The Federal Trade Commission has given Elon Musk the green light to acquire Mesh Optical Technologies, a startup founded by three former SpaceX engineers that specializes in optical transceivers for AI data centers. The agency granted early termination of its antitrust review on Wednesday, expediting a deal that continues a pattern of Musk acquisitions accelerating since SpaceX went public this month. Bloomberg first reported the clearance.

Mesh Optical emerged from stealth in February, announcing a $50 million Series A round led by Thrive Capital. The company’s co-founders,CEO Travis Brashears, president Cameron Ramos, and VP of product Serena Grown-Haeberli,previously engineered the optical communication links that connect thousands of SpaceX’s Starlink satellites in orbit.

The startup manufactures optical transceivers, devices that transform electrical signals into light, enabling data to travel between servers and GPUs at higher speeds and lower power consumption than traditional copper-based connections. Its flagship product, the Alpha C1, achieves transmission rates exceeding one terabit per second. This technology directly addresses a growing bottleneck as AI training clusters scale to hundreds of thousands of chips.

Financial details of the acquisition remain undisclosed. The FTC determined the deal posed no significant competition concerns, fast-tracking a review process that typically takes 30 days. Founded just last year, Mesh represents one of the fastest journeys from founding to acquisition by a company with a market cap exceeding a trillion dollars.

The acquisition fills a strategic gap for SpaceX. The company has signed compute agreements with Anthropic, Google, and Reflection AI worth more than $80 billion through 2029, transforming its Memphis data center complex into one of the world’s largest third-party compute platforms. However, SpaceX discovered that latency issues and outdated network infrastructure within those facilities limited their effectiveness for its own AI training, forcing it to lease capacity to external tenants instead.

Optical transceivers are the critical component that determines how quickly chips inside a data center can communicate with each other.

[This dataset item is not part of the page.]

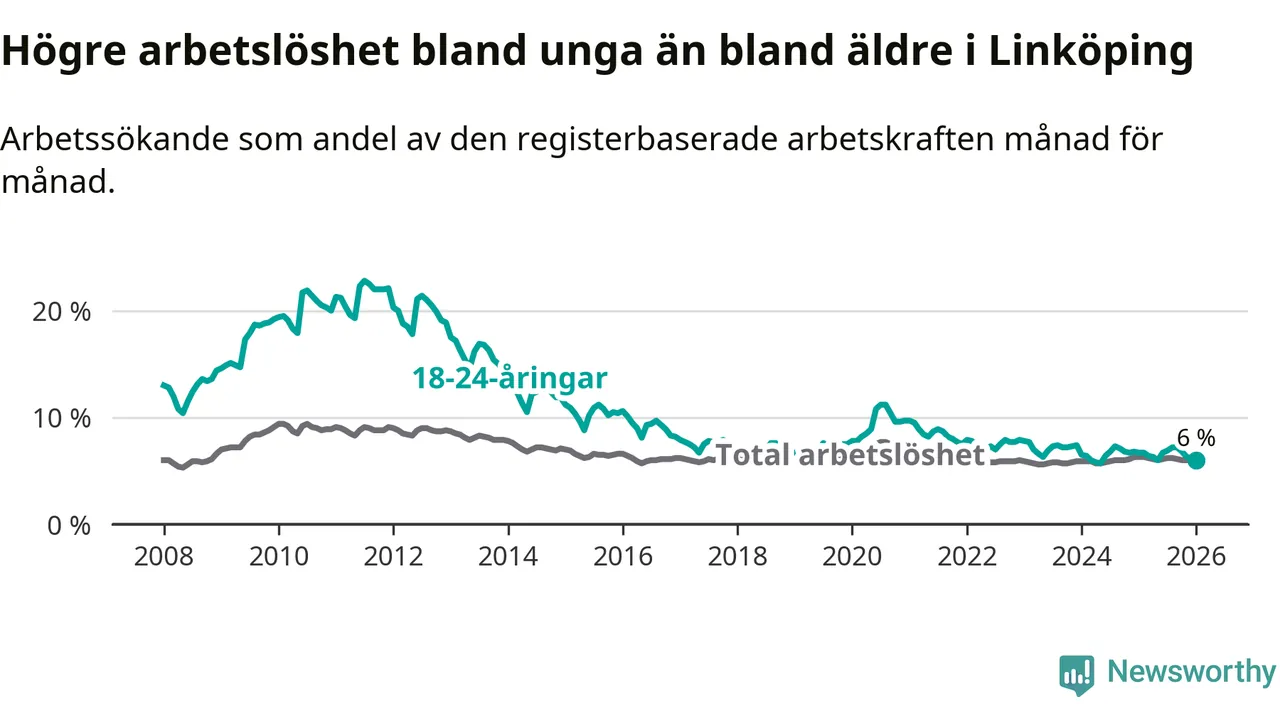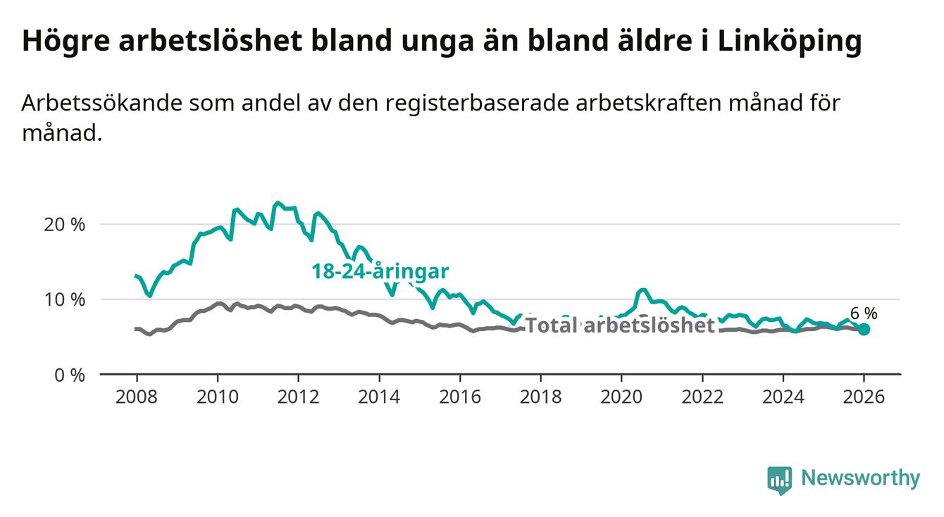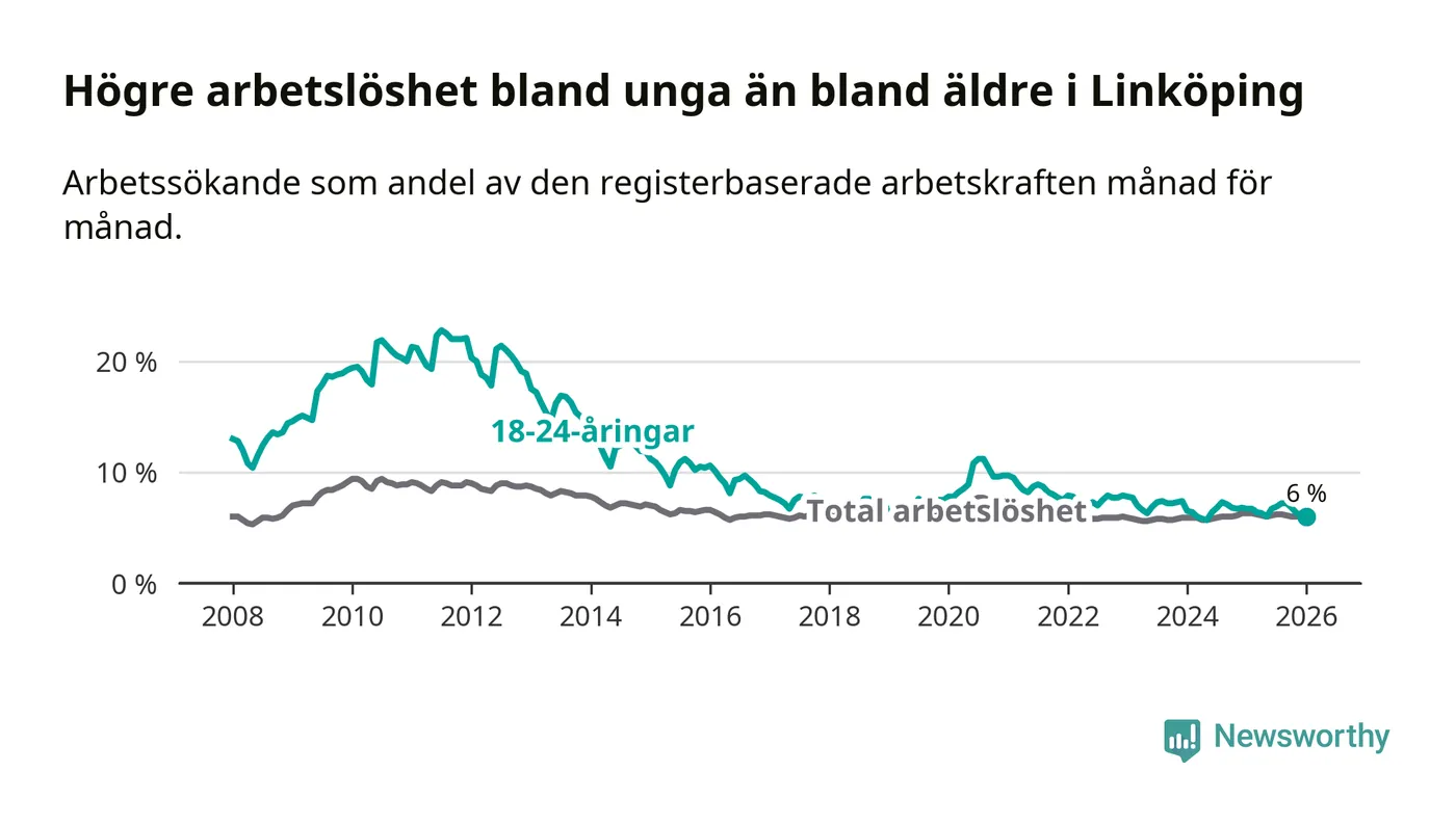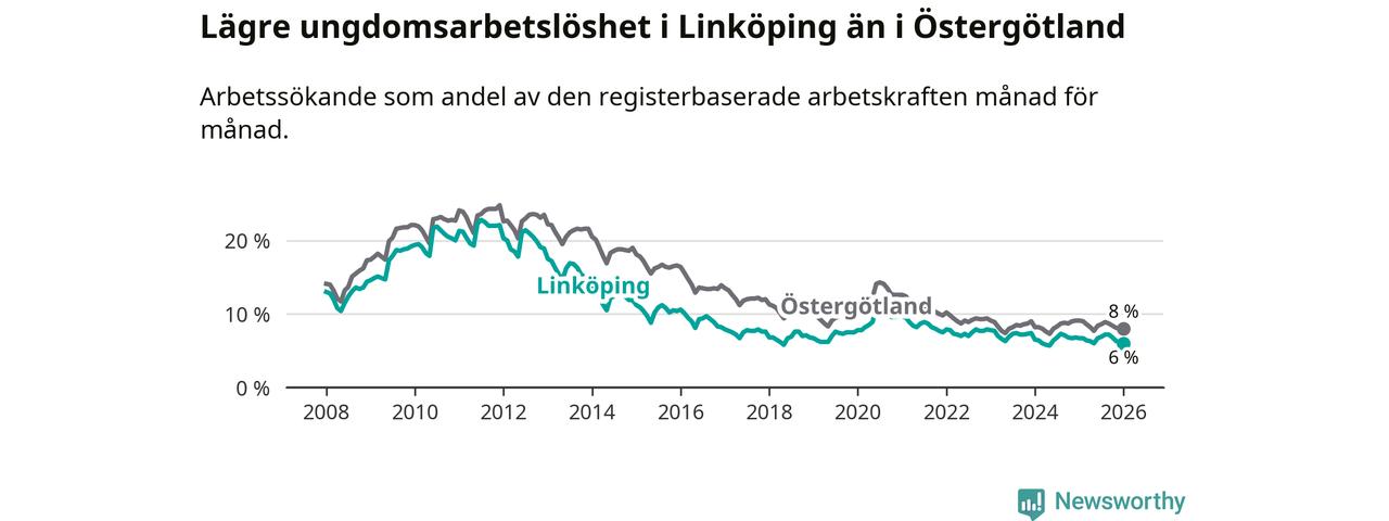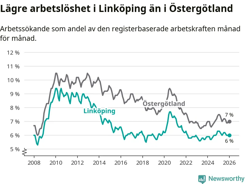 Arbetslösheten bland utlandsfödda var 15,3 procent i Linköping under januari månad, motsvarande 2 943 av 19 235 personer. Det är 1,8 procentenheter färre än vid samma tidpunkt i fjol (−271 om man räknar personer). Därmed är de utlandsföddas arbetslöshet lägre än vid samma tidpunkt i fjol för sjätte månaden i följd. Sedan juli 2025 har arbetslösheten bland utlandsfödda minskat från 16,4 till 15,3 procent. Den nuvarande arbetslöshetsnivån är den lägsta sedan januari 2008.

By acquiring the team that solved inter-satellite optical links for Starlink, SpaceX gains in-house expertise on a problem historically outsourced to suppliers like Broadcom and Coherent. Whether the technology will be deployed in SpaceX’s existing Memphis facilities or in future data centers,including the orbital compute infrastructure it has discussed with Anthropic,remains uncertain.

SpaceX has not commented on the acquisition, and Mesh Optical did not respond to requests for comment from Bloomberg or TechCrunch.